Selena Gomez rose to fame as one of the leading faces of the Disney Channel for over five years (2007-2012) with her starring role in the TV series Wizards of Waverly Place.
Gomez has since moved on to more “mature roles” and recently explained why her next career venture — Netflix’s Thirteen Reasons Why — hits so close to home for her. In a recent interview with The New York Times, Gomez said she wanted to adapt author Jay Asher’s YA novel Thirteen Reasons Why — the story of a young woman who commits suicide, but leaves behind 13 cassette tapes for all the people who contributed to her death — into a show because she related to the lead character.

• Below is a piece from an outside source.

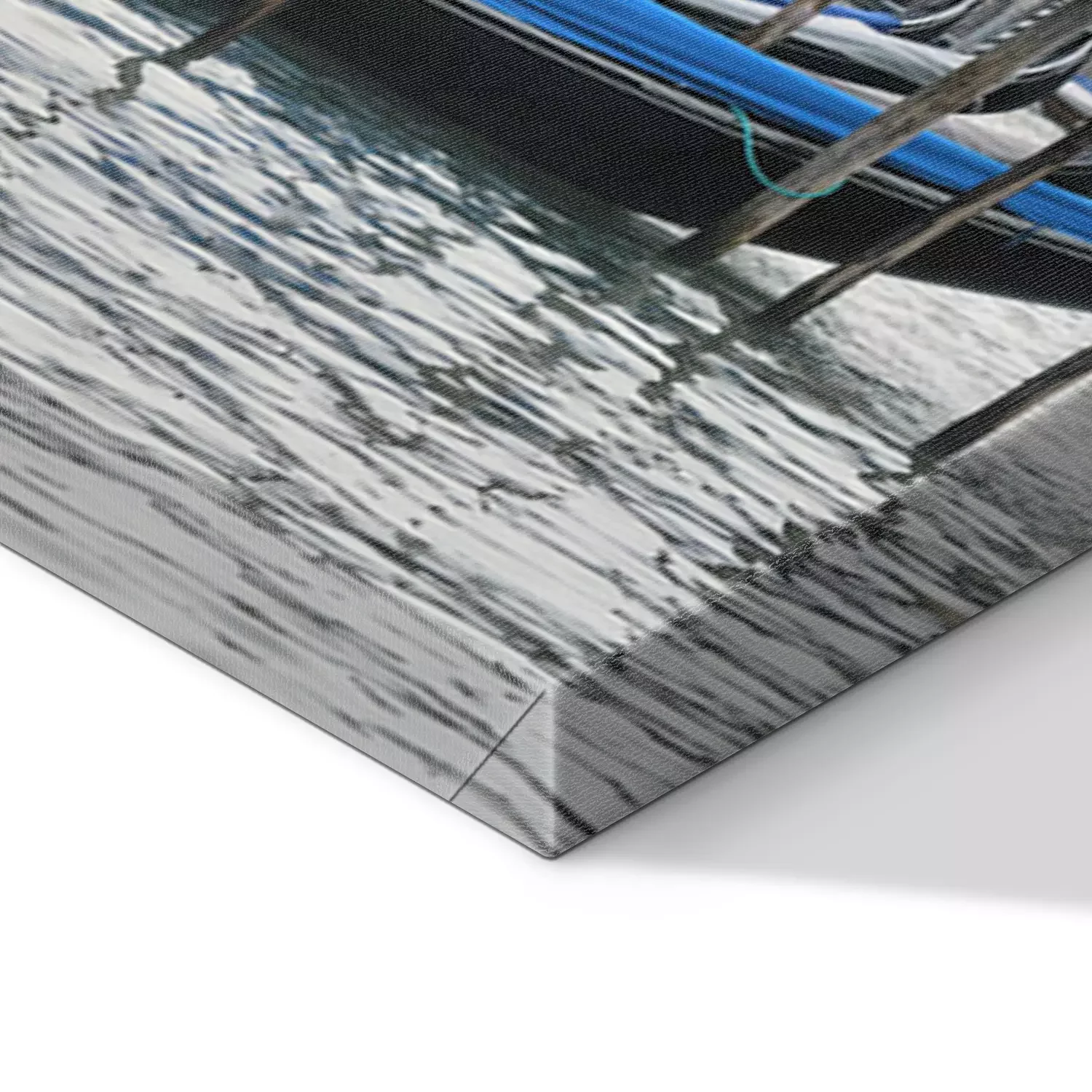 De print wordt aangebracht op hoogwaardig canvas dat op een schildersweefgetouw (spieraam) wordt gespannen. Omdat de print de zijranden bedekt, hoeft het ontwerp niet met een extra kader te worden omlijst. Wij raden ook composities aan die uit meerdere foto's bestaan en zo een coherente compositie vormen.

“I think [Asher] understood that I knew what it meant to be bullied. I went to the biggest high school in the world, which is the Disney Channel,” Gomez, 24, shared about her early days as a child actor. “And my mom had a lot of history dealing with [bullying]. I heard her stories growing up. She’s very open about it.”

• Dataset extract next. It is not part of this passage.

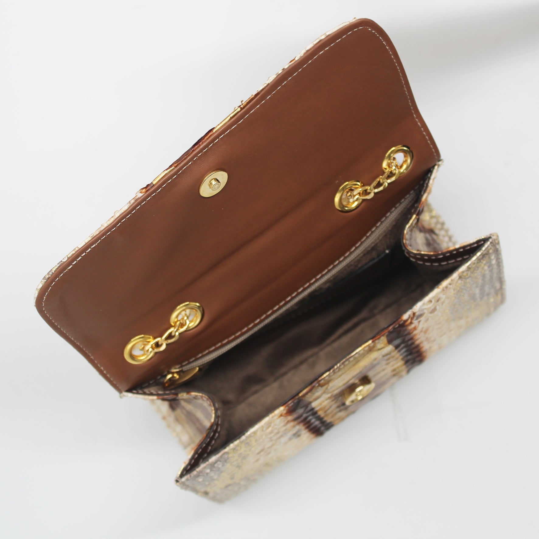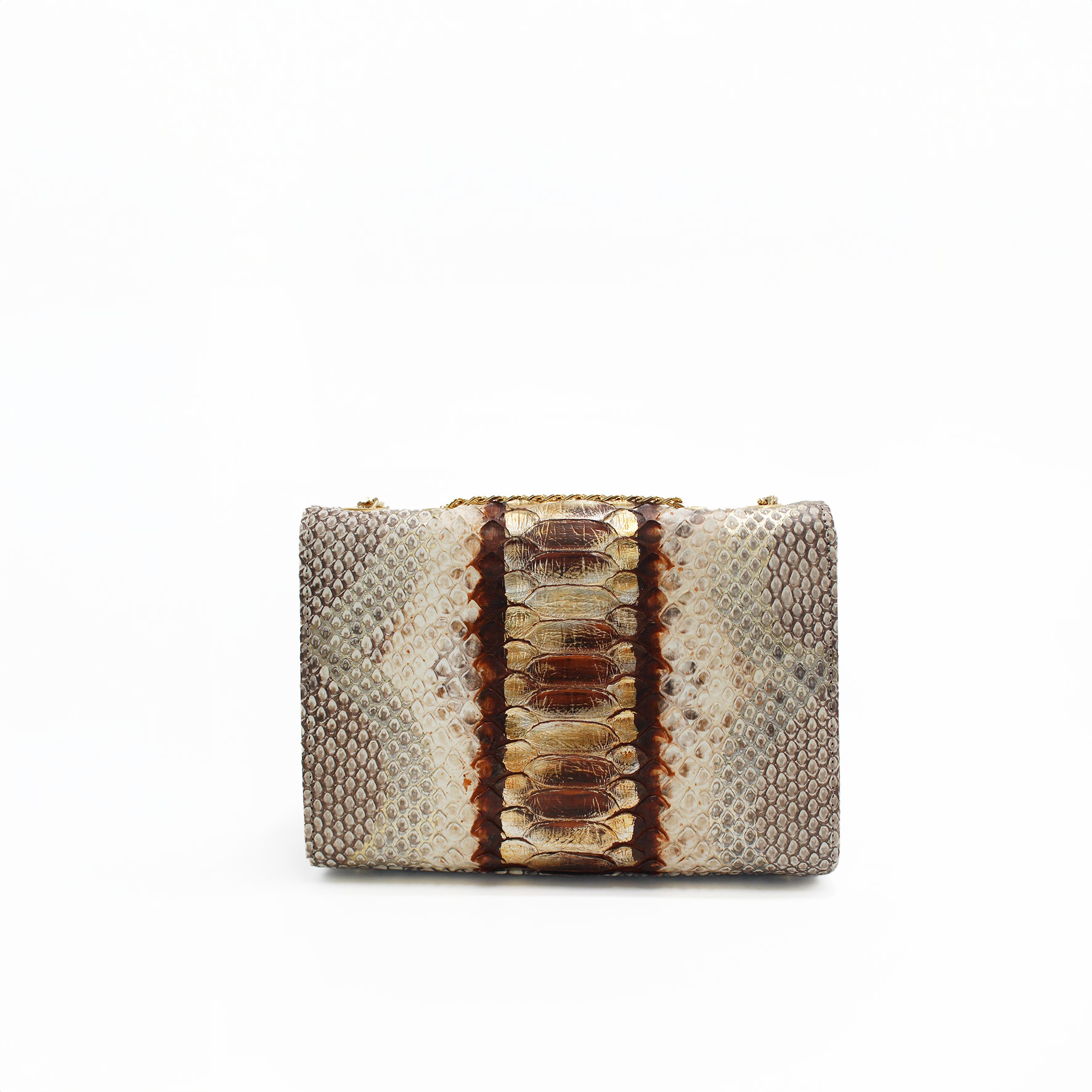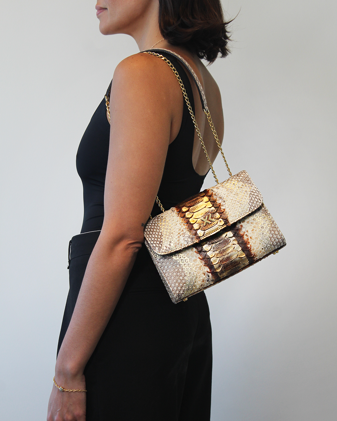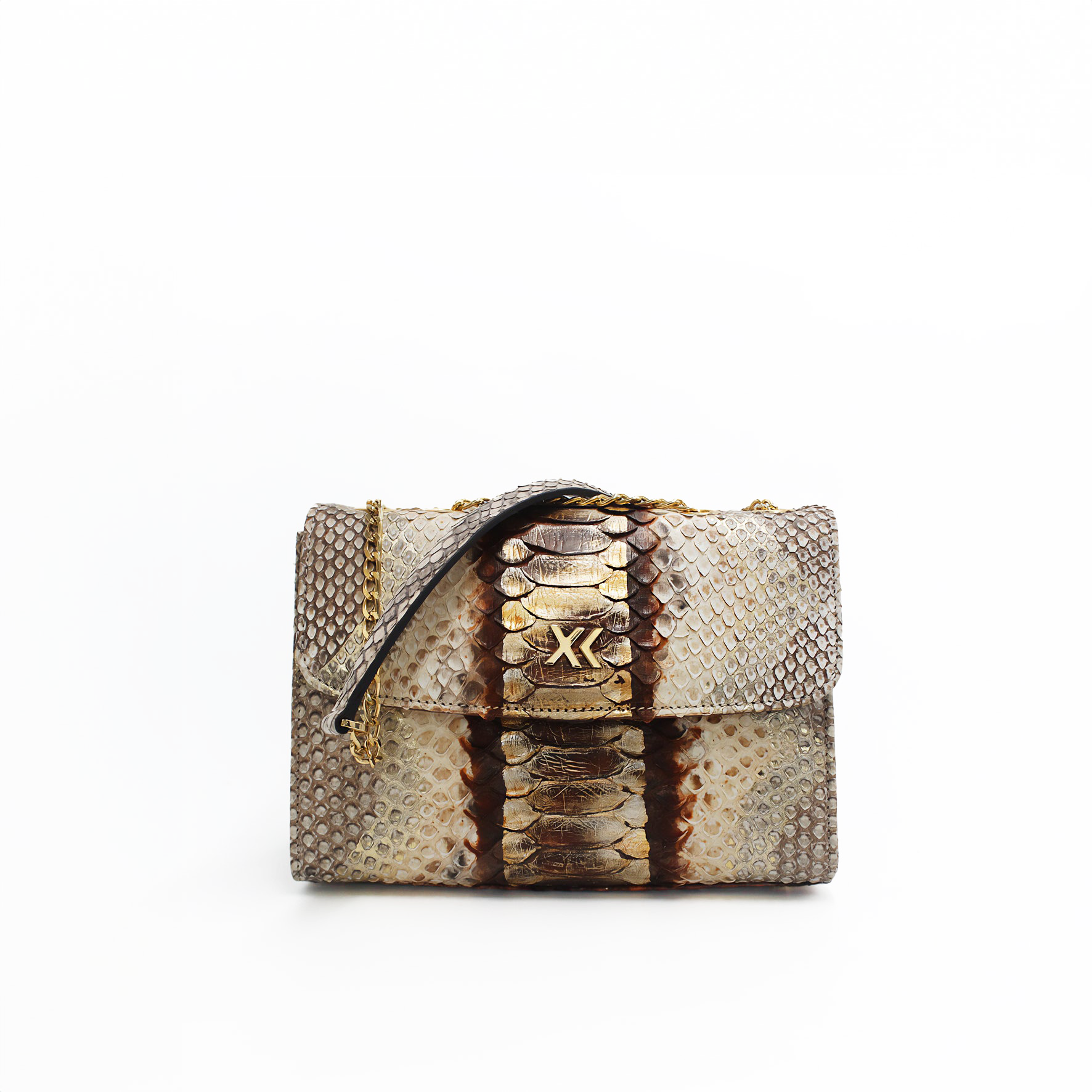 The Claudia Bag is a lightweight, structured shoulder and crossbody bag crafted in Italy from responsibly sourced python skin with a glossy finish. Its sleek design features a gold chain, a concealed magnetic snap closure and it is adorned with a metallic XK monogram on the front. Inside, you’ll find a spacious suede-lined compartment with a convenient big zipper pocket on the backside of the bag. Claudia is a timeless piece that it will not go out of style.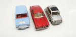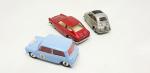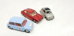 3 modèles : MERCURY Fiat 850 coupé rubis métallisé A.o, MEBETOYS Fiat 500L gris argent B.o CORGI TOYS Mini Minor issue d'un jeu C+.o

The “Kill ‘Em with Kindness” singer’s mother, Mandy Teefey, discovered the book while browsing Barnes & Noble and was compelled by the deep embed in the hellscape of lust, envy, secrecy, and despair known as high school and social media.

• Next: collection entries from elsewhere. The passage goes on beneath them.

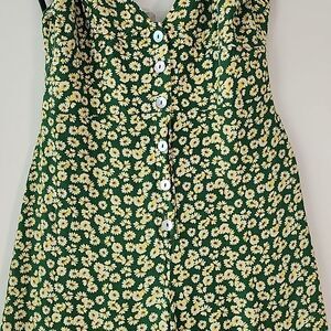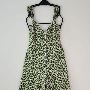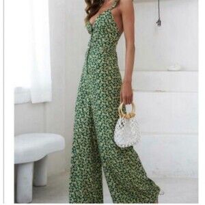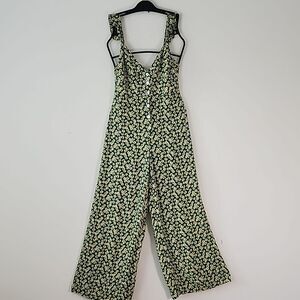 Zara Green Ditsy Floral Button Front Smocked Back Wide Leg Jumpsuit M (T20)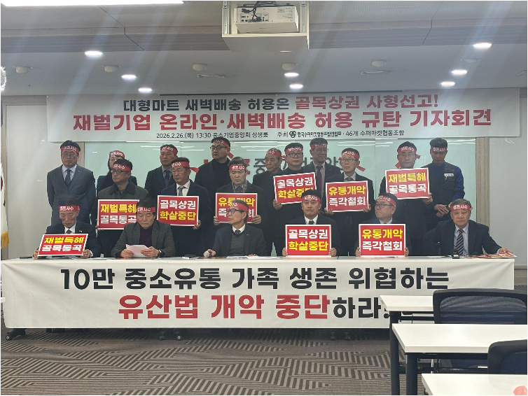 한국수퍼마켓협동조합연합회는 26일 오후 1시 30분경 서울 여의도 중소기업중앙회 상생룸에서 전국 46개 지역 수퍼마켓협동조합 이사장들이 참석한 가운데 '재벌기업 온라인·새벽배송 허용 규탄 기자회견'을 열고 같이 밝혔다.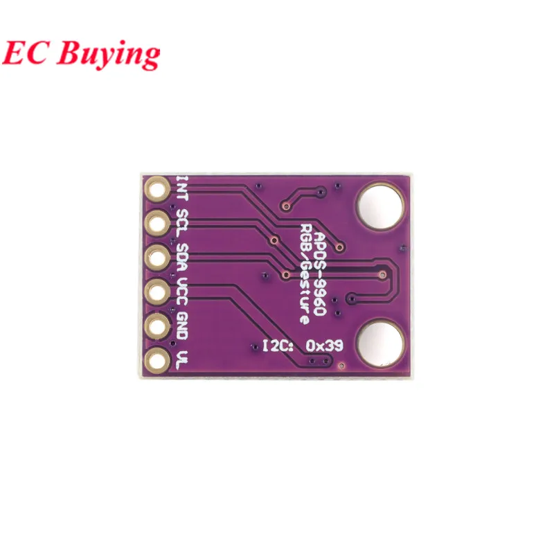 El APDS-9960 es un pequeño hardware serio con filtros de bloqueo UV e IR integrados, cuatro diodos separados sensibles a diferentes direcciones y una interfaz compatible con I2C.Para su comodidad hemos dividido los siguientes pines: VL (alimentación opcional al LED IR), GND (tierra), VCC (alimentación al sensor APDS-9960), SDA (datos I2C), SCL (reloj I2C) e INT ( interrumpir).Cada APDS-9960 también tiene un rango de detección de 4 a 8 pulgadas (10 a 20 cm).
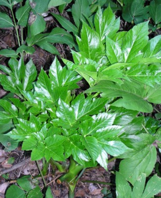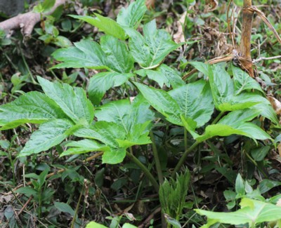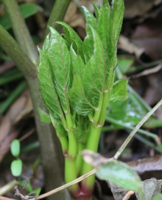 ・葉は2回3出羽状複葉で、葉柄の基部は袋状の鞘になる。小葉は広卵形で羽状に裂ける。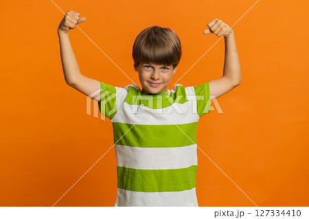 Fit sporty child boy kid showing biceps and looking healthy, feeling power strength success win

“When I was on Wizards of Waverly Place, we didn’t have social media really. Twitter had just begun,” Gomez continued. “Every Friday, I’d get to do a live taping in front of all these little kids and make their life. That’s when I was the happiest. Then, as I got older, I watched it go from zero to a hundred. So I’m actually glad it took us this long to create this project because it’s so relevant now.”
And even though she currently holds the title of most-followed celebrity on Instagram with over 114 million followers, she admitted that she has to cut herself off from the app due to the negative comments.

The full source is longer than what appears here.